Kalimati merupakan sebuah lahan datar yang luas, bisa juga dibilang padang rumput dan ilalang, yang dikelilingi oleh hutan vegetasi. Ada yang bilang hutan sekitar Kalimati itu merupakan hutan vegetasi cemara, tapi yang aku lihat di sana tidak hanya tumbuh vegetasi cemara. Dinamakan Kalimati karena di sekitar sana ditemukan sebuah lengkungan garis memanjang seolah-olah itu merupakan sebuah kali atau sungai, namun tidak ada airnya (mati). Kali tersebut memang bukan wadah air, namun sebagai wadah lahar yang tumpah dari mulut Semeru saat meletus. Kalimati juga merupakan camp dan rute terakhir yang disarankan oleh pengelola setempat. Aku setuju kalau Kalimati merupakan camp terakhir karena melihat kondisi geografisya yang sangat memadai, di samping itu di sekitar Kalimati juga ada sumber air mineral, dikenal dengan nama Sumber Air Mani. Namun, aku yakin kalau semua pendaki gak setuju kalau Kalimati merupakan rute terakhir dari perjalanan ini. Oh, Man! Puncak Mahameru udah di depan mata. Ganjil rasanya kalau tidak menuntaskan perjalanan ini sampai ke tempat tertinggi. Namun mengingat berat dan bahayanya jalur yang dilalui menuju puncak, aku rasa saran dari pengelola tersebut sangatlah masuk akal. Pengelola tidak menanggung resiko atas semua kejadian yang terjadi melebihi wilayah Kalimati. Ini artinya, para pendaki lah yang harus menanggung sendiri resiko yang terjadi kepadanya maupun kepada anggota grup-nya. Dan kami mengambil resiko itu semua.
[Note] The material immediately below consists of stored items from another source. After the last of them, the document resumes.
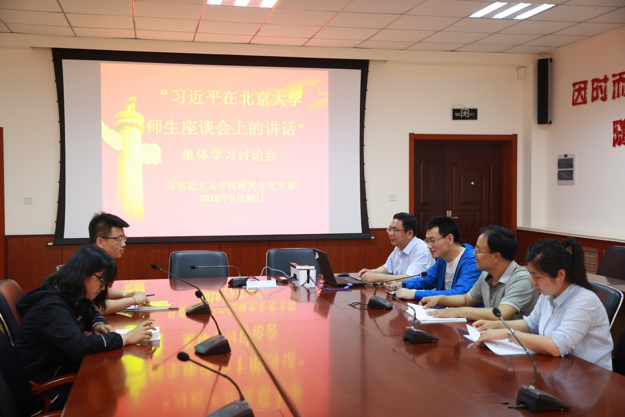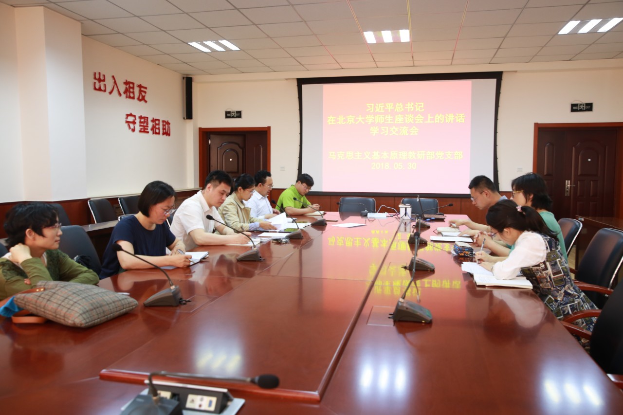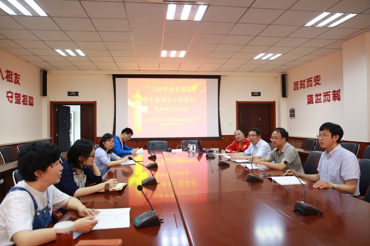 5月30日,中国马克思主义理论教研部党支部召开支部大会,集体学习习近平总书记在北京大学师生座谈会上重要讲话精神。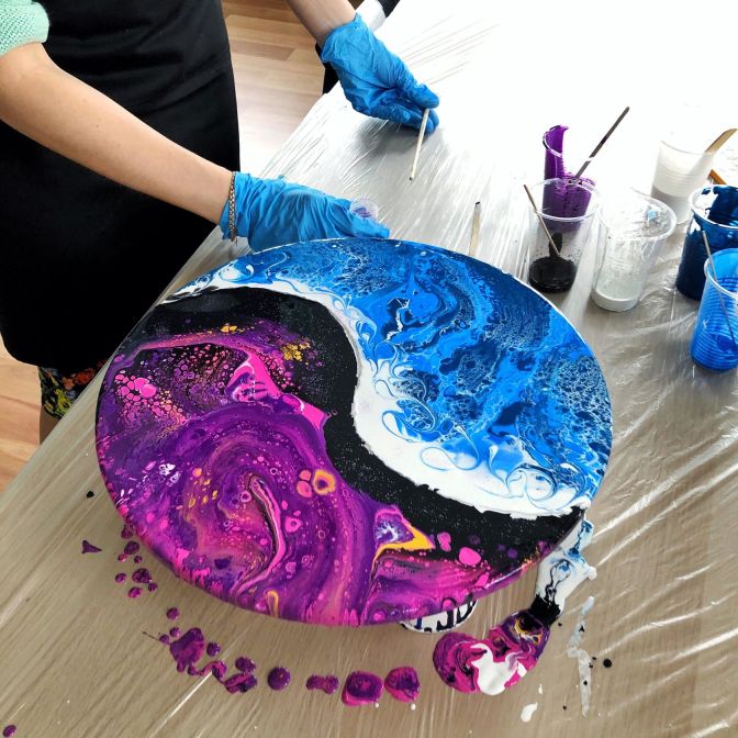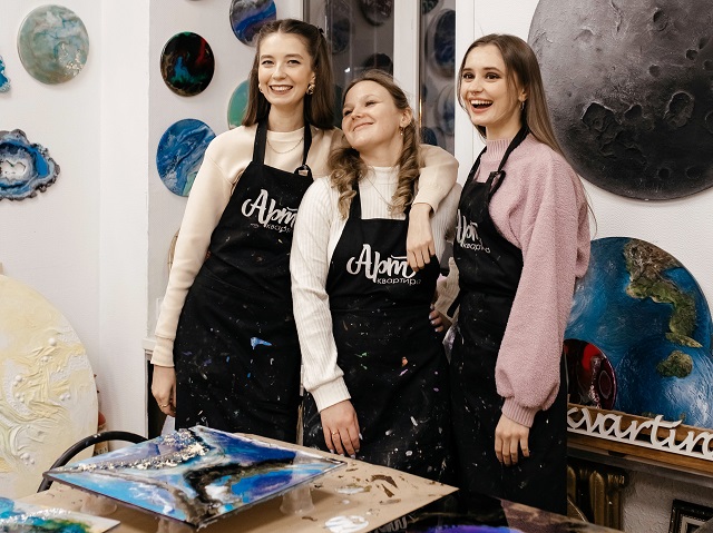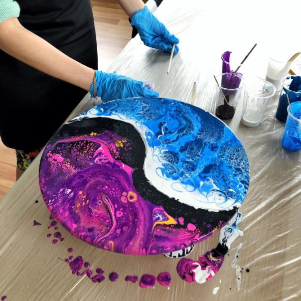 Идей много, например, можно организовать мастер класс по жидкому акрилу, на котором участники познакомятся с интересной техникой абстрактной живописи (Fluid Art) и сами создадут собственную картину. Это новое направление, суть которого заключается в необычном смешивании красок.
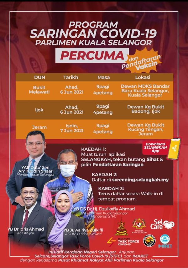 மேற்படி இடங்களில் நடைபெறும் பரிசோதனைகளில் தவறாது கலந்துக் கொள்ளும்படி கோல சிலாங்கூர் நாடாளுமன்ற உறுப்பினர் டத்தோஸ்ரீ டாக்டர் ஜூல்கிப்ளி அகமது, புக்கிட் மெலாவத்தி சட்டமன்ற உறுப்பினர் ஜூவாரியா சூல்கிப்ளி மற்றும் ஈஜோக் சட்டமன்ற உறுப்பினர் டாக்டர் இட்ரிஸ் அமாட் கூட்டாக விடுத்த அறிக்கையின் வழி கேட்டுக் கொண்டனர்.
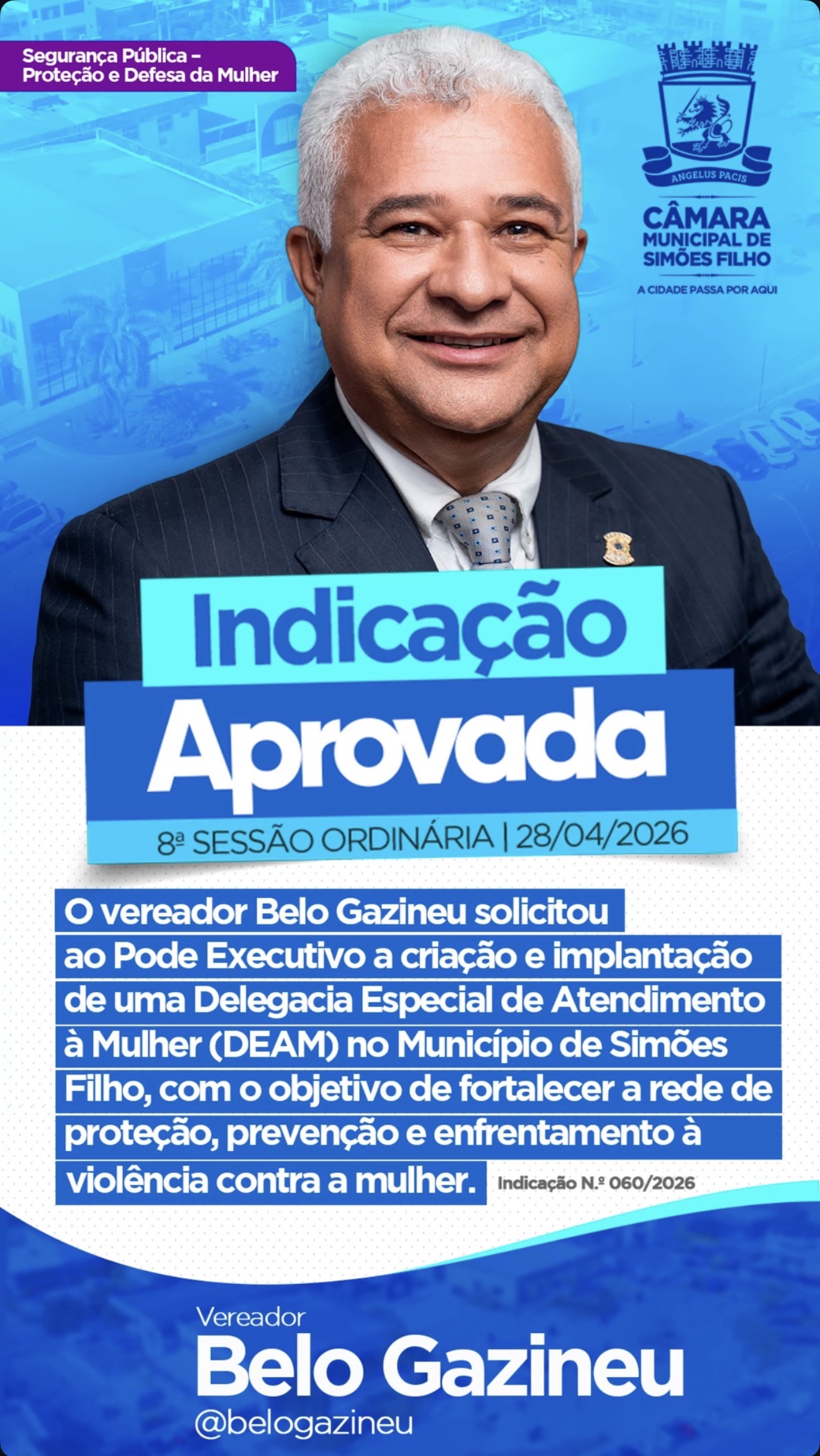 Durante a 8ª Sessão Ordinária da Câmara Municipal de Simões Filho, realizada nesta terça-feira (28), o vereador Belo Gazineu teve aprovada a Indicação nº 060/2026, que solicita ao Poder Executivo a criação e implantação de uma Delegacia Especial de Atendimento à Mulher (DEAM) no município.
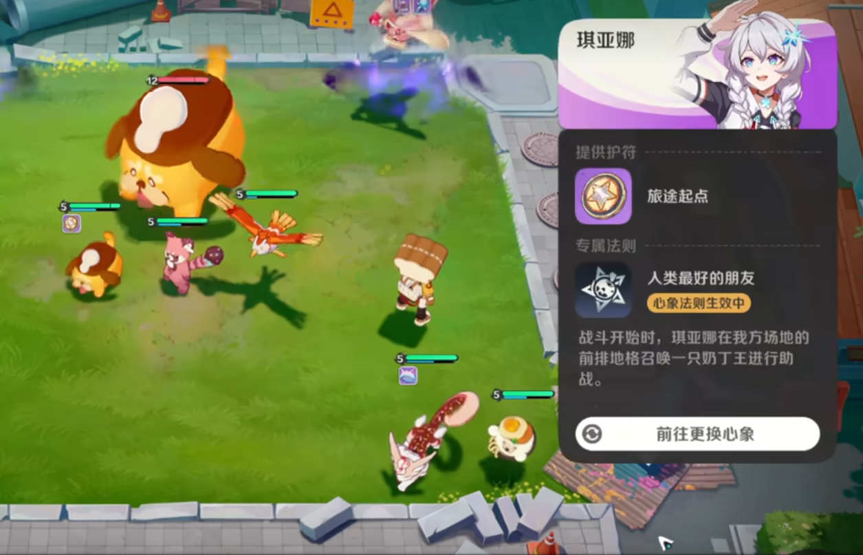琪亚娜的专属护符是“旅途起点”,其效果为“为装备者提供35护甲和35魔抗,使装备者的生命值上限提高,提高的数值相当于装备者自身护甲和魔抗的数值之和”,虽然看似并不强力,但作为前期过渡的专属护符来说,其效果正如其名“旅途起点”,在前期我们的精灵普遍等级不高的前提下能为我们提供不俗的生存能力,可以说是非常好用了!而其专属法则“人类最好的朋友”则更是重量级,其效果为“战斗开始的时候,如果可以,琪亚娜会在我方场地的前排地格上,召唤一只奶丁王协助我们作战”,而且最主要的事这个召唤出来的宠物是不吃人口上限的!也就是说我们能直接在前期白嫖一个精灵位,并且其数值也是“奶丁汪”的2倍左右,可以说是非常强力了。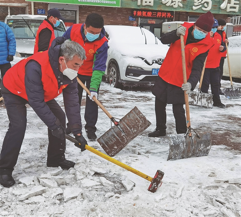 本报讯(刘喆 黑龙江日报全媒体记者刘莉)10日9时许,在哈尔滨市香坊区民生大厦周边街路,一场热火朝天的志愿清冰雪活动正在进行中。虽然天气寒冷,但志愿者们热情不减,带动了一些居民积极响应。他们拿出自家的清冰雪工具认真清理单元门前的积雪,献出自己的一份力量。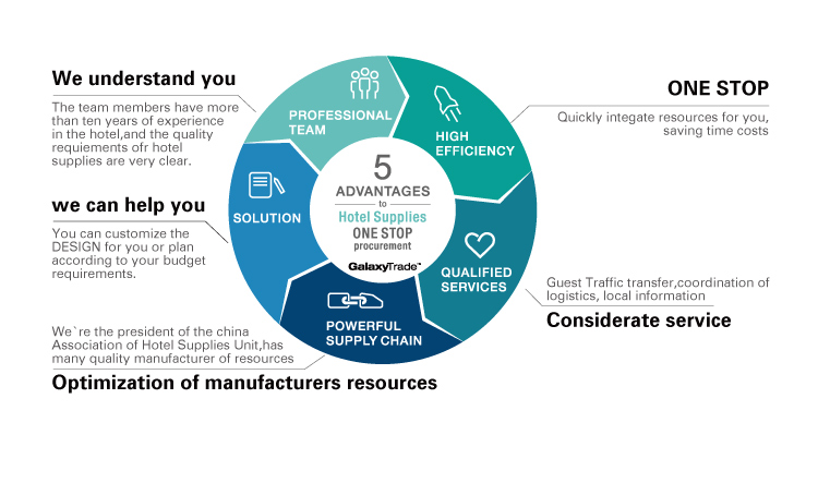 Founded in 2006, Galaxy specializes in providing one-stop hotel supplies with ISO9001 quality assurance: hotel room supplies, bathroom supplies, hotel lobby supplies, etc.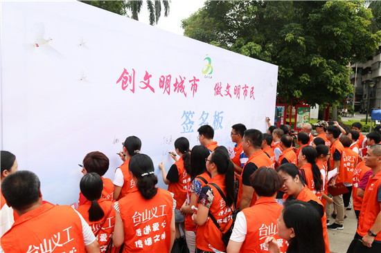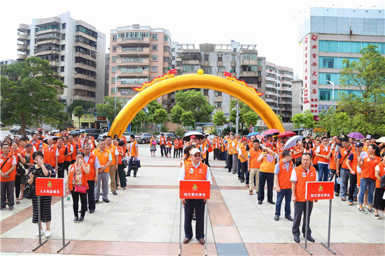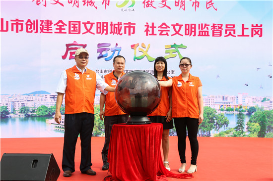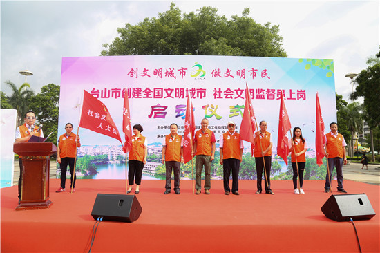 为充分发挥社会各界对文明城市创建工作的监督作用,建立社会监督、舆论监督、群众监督的良性运行机制,形成人人参与创文的浓厚氛围,6月1日上午,我市在台城石花文化广场举行“台山市创建全国文明城市 社会文明监督员上岗启动仪式”。团市委、市义工联组织了30多名义工参加本次活动。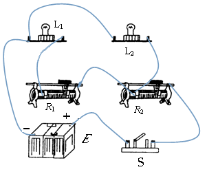 (2)实物图的连接时,先选电源、开关、R2、R1、L1回路,把它们首尾连接好,再把L2并联上去即可,如图所示。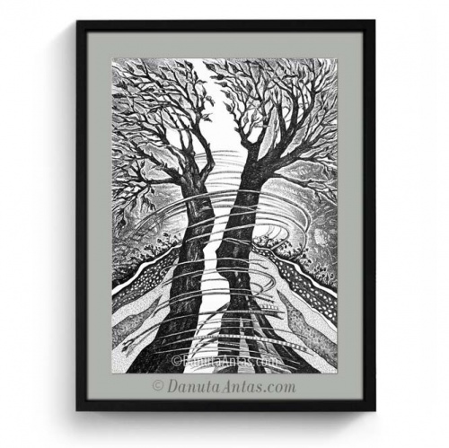 D.A.: Rzeczywiście od czasu, gdy zetknęłam się z medytacją, znacznie wzbogaciła ona moją twórczość, ujawniła nowe sposoby obrazowania. No i myślę, że również wydobyła inny wymiar mnie samej i tego, co chcę przekazać odbiorcy. Wpływ ten przejawia w różny sposób. Nie mam stałej metody postępowania podczas tworzenia prac. Czasami jest to tak, że podczas spacerów w lesie z moimi psami, mam okazję obcować z ciszą i wtedy staję się bardziej wrażliwa na otoczenie, na detale, ulotne chwile, rozbłyski światła, na szczególną energię. One zapadają we mnie i po jakimś czasie, gdy czuję potrzebę, przelewam te zapisane wrażenia na papier. Innymi razy mam ze sobą aparat fotograficzny i na gorąco notuję miejsca, które swoją energią przykuły moją uwagę.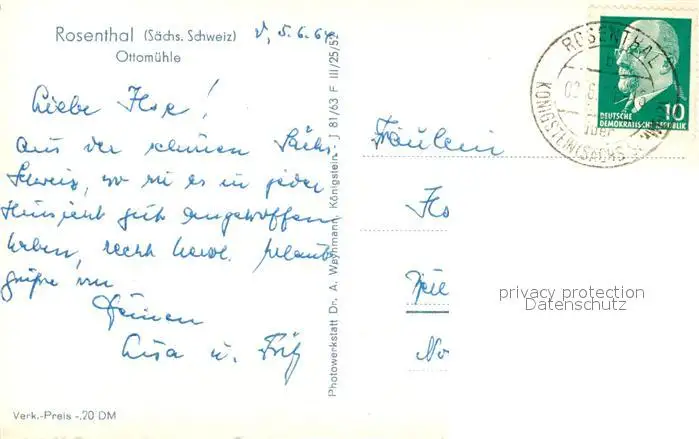 Rosenthal-Bielatal Ottomuehle Rosenthal-Bielatal postalisch gelaufen 1964 Erhaltung siehe scans [WerneD78] WernPID7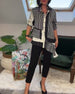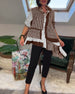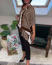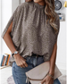 Moderiktig leopardmönstrad blus med V-ringad spets med patchwork

Kami mulai memasuki hutan yang mengelilingi Kalimati. Hutan ini dikenal dengan nama Arcopodo. Arcopodo merupakan wilayah vegetasi terakhir sebelum menuju puncak, selebihnya akan disambut oleh gunung pasir dan kerikil. Memasuki Arcopodo jalur mulai terasa berat. Sebagian besar serupa dengan anak tangga yang terbentuk alamiah dari bebatuan dan akar pohon. Tidak jarang aku harus menggunakan tangan untuk membantu melangkah atau membutuhkan uluran tangan teman di depanku untuk menarik tubuh yang semakin berat ini. Memang di situasi semacam inilah terkadang aku baru sadar bahwa sesungguhnya manusia itu merupakan makhluk sosial, makhluk yang tidak dapat hidup sendiri. Bisa jadi aku maupun teman-teman yang lain bisa menjadi sosok mandiri yang hebat di luar sana, namun di sini aku menjadi sosok yang payah, yang sedikit-sedikit minta bantuan walaupun agak gengsi untuk mengucapkannya. Sosok mandiri, hebat, dan angkuh di satu sisi, namun di sisi lainnya menjadi lemah tak berdaya. Dan aku pastikan bahwa kehidupan ini tak hanya berjalan di satu sisi saja.

“Aduh, perutku sakit nih! Kakiku juga kram. Minta waktu istirahat bentar.”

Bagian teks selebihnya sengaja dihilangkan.